I am currently focused on finding and eliminating periodic latency spikes in our product. Pages are rendering pretty fast in general, well within our goals, but we still are not meeting goal on overall speed. There are moments of slow performance where a page for 97% of the day will be very fast, and then will suddenly start taking 10-20 seconds to render for periods lasting several minutes. Speed in this case is a reliability problem.

Up until recently we had been making a lot of progress looking for single operations on the back end that crossed resource budget thresholds. For example, if a database query was hitting the disk too heavily we filed a bug. This worked well for a while, but as we got closer and closer to goal, and as we filed lots of these kinds of bugs, it became more difficult to choose which ones were causing the biggest problem.

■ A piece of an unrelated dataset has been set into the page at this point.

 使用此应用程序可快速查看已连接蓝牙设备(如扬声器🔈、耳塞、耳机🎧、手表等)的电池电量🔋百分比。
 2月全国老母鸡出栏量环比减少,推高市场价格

I wrote a tool to discover the time periods when pages were rendering more slowly. I specifically wrote it to count and measure clusters - how many clusters of slowness in a day, how slow did it get, how many requests are in the cluster, how long did the cluster last, etc. I told others about it.

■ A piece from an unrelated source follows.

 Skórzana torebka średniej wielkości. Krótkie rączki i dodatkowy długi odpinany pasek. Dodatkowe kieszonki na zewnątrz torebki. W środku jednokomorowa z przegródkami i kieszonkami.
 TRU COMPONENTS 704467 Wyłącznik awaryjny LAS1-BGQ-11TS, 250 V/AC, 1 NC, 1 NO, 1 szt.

We formed a team of three testers and two developers to look at these slow clusters on a daily basis. Each day is given to a member of the team and that person tries to discover the cause of the slow requests.

This is the part where working together is fun. We are inventing our diagnostic method as we go, and every day someone on the team comes up with a new cool way to find the cause of problems. Someone might say "There was a one hour period two days ago where all the requests were about 20 seconds long. The CPU wasn't heavy on either the web server or the database. The disk didn't look busy. What do I do next?" What happens then is this cool back and forth of ideas and creativity. People start writing new test tools, database queries and such to find the cause, or to show many times the problem is causing slow requests.

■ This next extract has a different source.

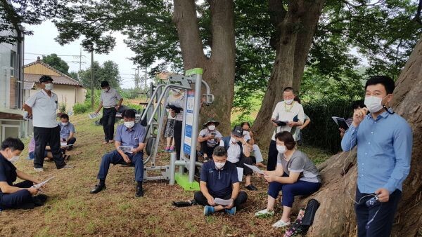 지난 22일 코로나19 예방 차원에서 규모를 축소해 군 관계자와 용역 사업체, 주민 등 30여명이 참석한 가운데 송림2리마을회관 느티나무 쉼터에서 진행됐다.

One example - a tester reporting to me wrote a query that extracts every time a specific event occurs on the server. He then lines that event with the slow performance events my tool identifies. Doing that he was able to say "this event account for 75% of the slow performance time periods on these two days.", which helped us decide whether or not to accept the code fix. Likewise, we had another fix whose effectiveness we wanted to evaluate before we put into the product. We installed the fix on our private production server, and compared frequency of the event before and after. Indeed the event frequency dropped, as did the correlated slow periods.

It is this rapid back and forth of creativity that makes working with people fun. A part of me wants to build the whole solution - have every idea, be the guy on everything. But another part of me really enjoys watching a group of people take an idea I had and make it even bigger and better.